Un aparte sobre El hombre que amaba a los perros

Félix Luis Viera

El hombre que amaba a los perros

Leonardo Padura
Tusquets, 2011

 

El hombre que amaba a los perrosEsta novela Leonardo Padura demuestra, con creces, aquella aseveración de que la creación literaria puede ser la crónica más fehaciente y necesaria de una época, un suceso, un devenir histórico. La historiografía no está apta para ir al detalle, al cosmos y al microcosmos vital de lo antes relacionado. Desde hace mucho tiempo no pocos políticos y politólogos han proclamado haber aprendido más de un pasado determinado, con la narrativa de ficción que con los textos de historia.

El hombre que amaba a los perros se aviene con la máxima a la que se suman no pocos autores de que una novela son muchas novelas, que la novela, a diferencia del cuento, gana y se resuelve por acumulación. Si bien, es cierto, hay obras de un solo plano, breves, que han trascendido por sus excelentes bondades artísticas.

Esta novela de Leonardo Padura es un paradigma en cuanto a la exposición de elementos, de devenires de una etapa que convulsionó al mundo, que lo escindió entre dos grandes ánimos totalitarios sangrientos, el nazismo y el estalinismo. La fragua en donde se coció el asesinato de León Trotski resulta sólo el epicentro de un todo histórico que abarca casi un siglo y se desarrolla en varios países, con sus identidades, ideologías, raigambres sabiamente expuestas. A lo largo de esta obra se constata que el autor debió de llevar a cabo una labor monumental para recabar datos, testimonios, pareceres. Pero esto nada hubiese sido si la capacidad creadora de Padura no hubiera conseguido darle una enorme credibilidad —y verosimilitud de ficción, que eso es otra cosa— a El hombre que amaba los perros. Y lo más difícil quizá: amenidad.

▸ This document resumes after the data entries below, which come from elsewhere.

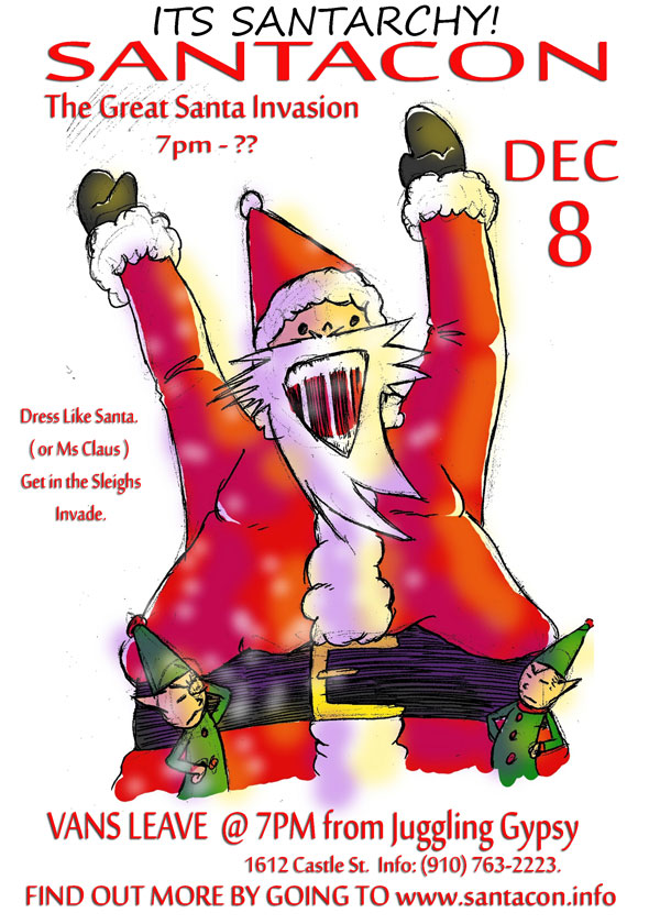 If you KNOW you are going, please EMAIL us now to RSVP. Reserve a space in the Vans early. Early passes are available at the Juggling Gypsy. Ask a staff member. The more early people we get, the better idea of how many people are going, so we can accommodate All Santas to ride in style! Van reservations are $10.00 for shuttling your Santa Self around all night!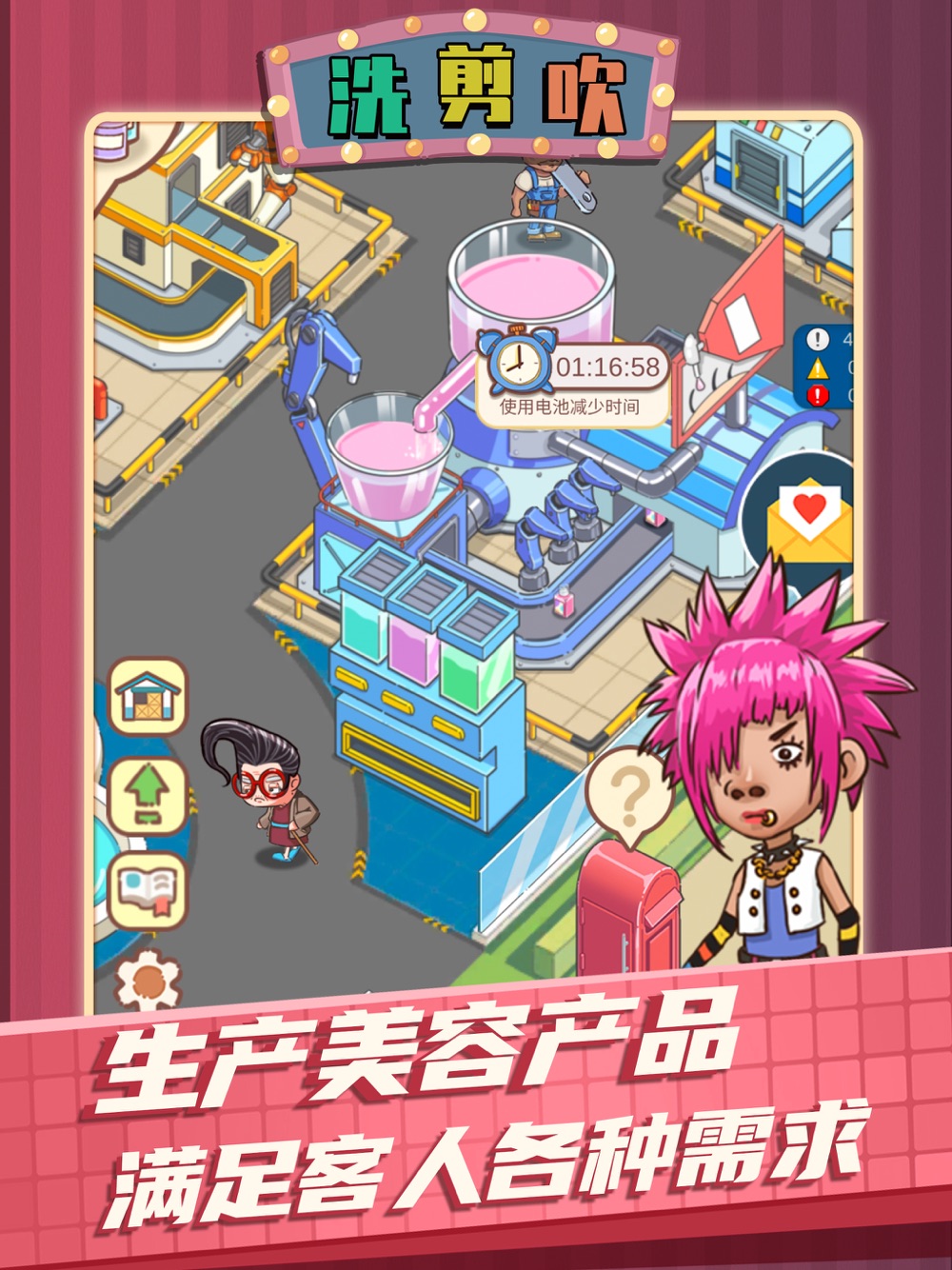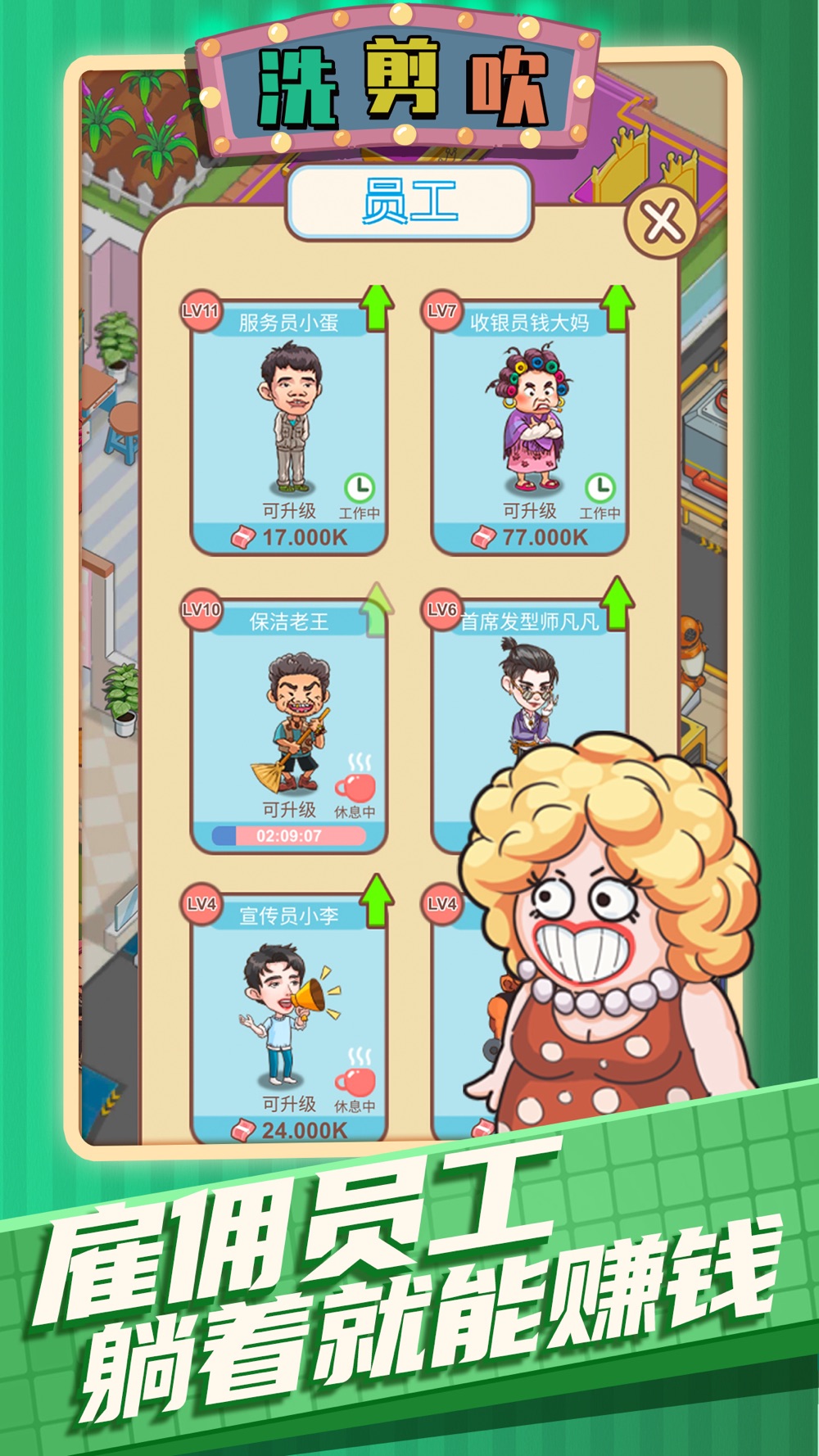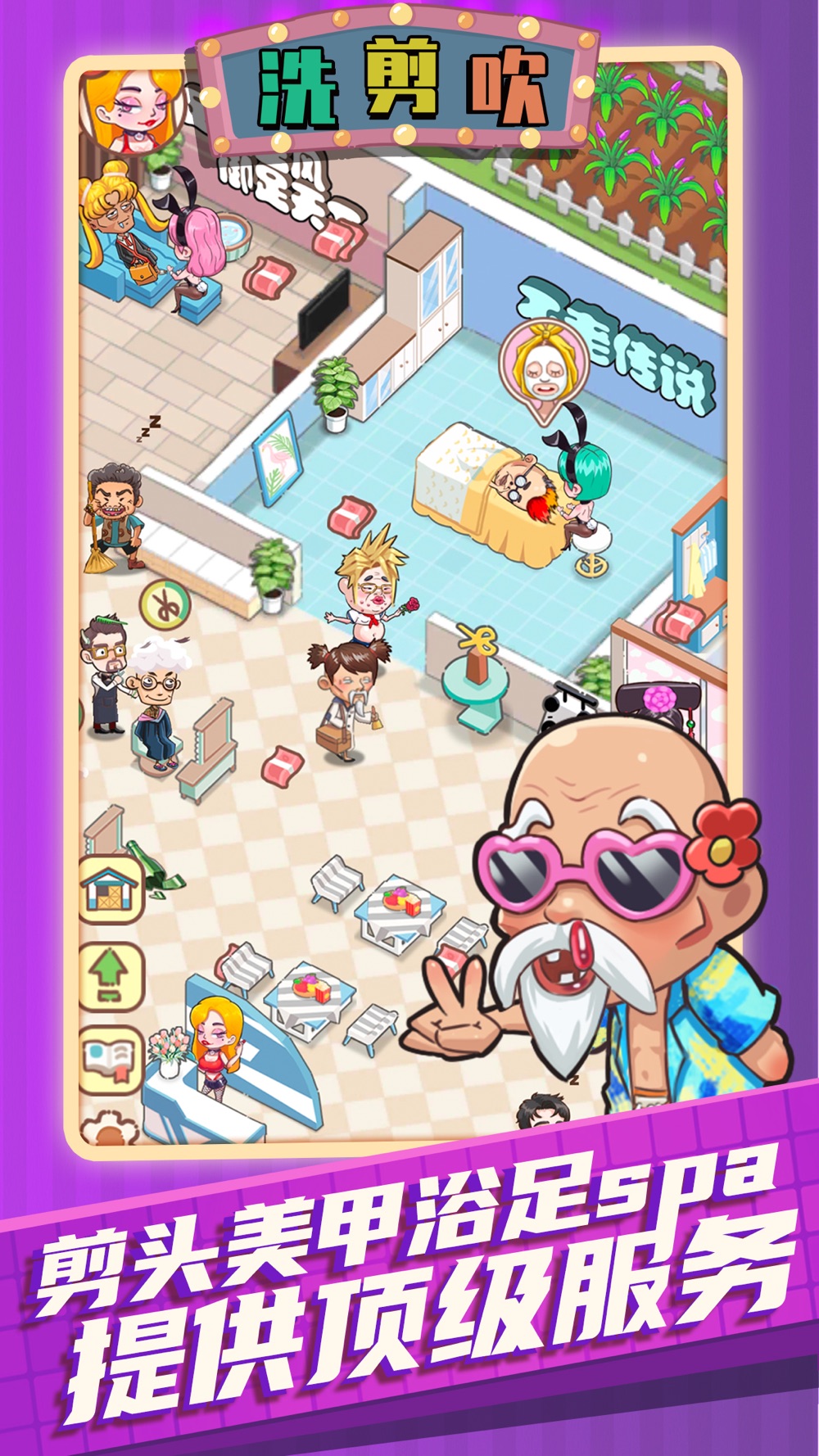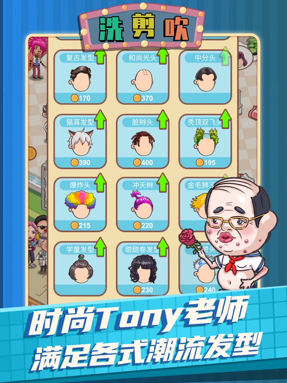 洗剪吹美容美发店正式开业啦~!这是一款超棒的模拟经营游戏!时尚Tony老师是你的得力助手,解锁各种潮流发型,吸引顾客,满足他们的需求!还有浴足、美甲、SPA等一条龙服务!雇佣员工帮忙打理店铺,老板只需要躺着就能赚钱!制定你的经营计划,打造时尚潮流店铺吧!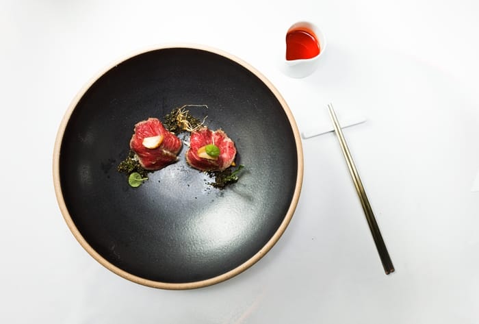 炙燒牛肉覆蓋著新鮮魷魚、白菜絲、梨子,上層點綴著大蒜增添整體濃郁香氣,四周灑上炸過的紫菜,一口吃下,同時感受到多汁鮮甜及柔嫩的肉質。
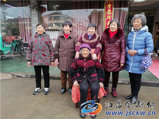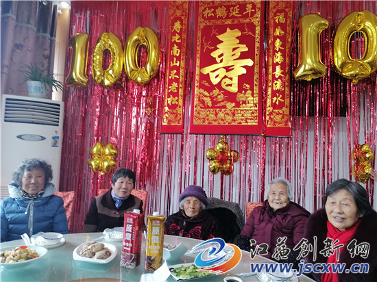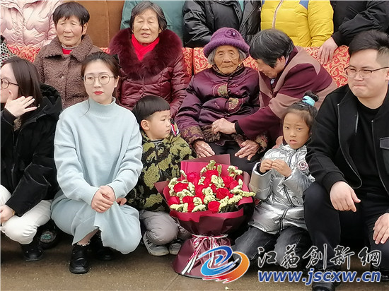 江苏创新网讯 (李国平)2月27日,是镇江宝堰上桥村凌习青的100岁生日,她的后辈们在这天从四面八方赶回家中,给这位家中的老寿星举办了热闹的生日宴。

He leído algunos comentarios que recriminan a la novela en cuestión por un lenguaje poco creativo. Cierto es que en El hombre que amaba a los perros    el lenguaje es manso, y que aquí y allá nos hallamos frases convencionales. Pero no podía ser de otra manera: la estructura de la novela no resistiría otro lenguaje que no fuera el escogido. En una narración como ésta resulta imposible —hasta hoy—valerse de un lenguaje de pirotecnia, digamos, asumido por tal cantidad de personajes de diversas filiaciones e idiosincrasias. Sencillamente sería imposible, y fallido estéticamente si se intentara. Nótese, para calzar esta observación, que el autor comienza cada capítulo con introducciones más bien largas, de tono neutral, y que la novela avanza a grandes zancadas en cuanto al tiempo narrado. De modo que, siendo así, se suma otro argumento de que, de ningún modo, cabría una especulación lingüística.

A quienes amamos la literatura escrita por cubanos nos debe estimular el reconocimiento internacional que va alcanzando El hombre que amaba a los perros. Y a quienes amamos al lector cubano residente en la Isla, regocijarnos de que aquéllos hayan tenido la oportunidad, gracias a la anuencia del Instituto Cubano del Libro, de tener libre acceso a un portento de nuestras letras.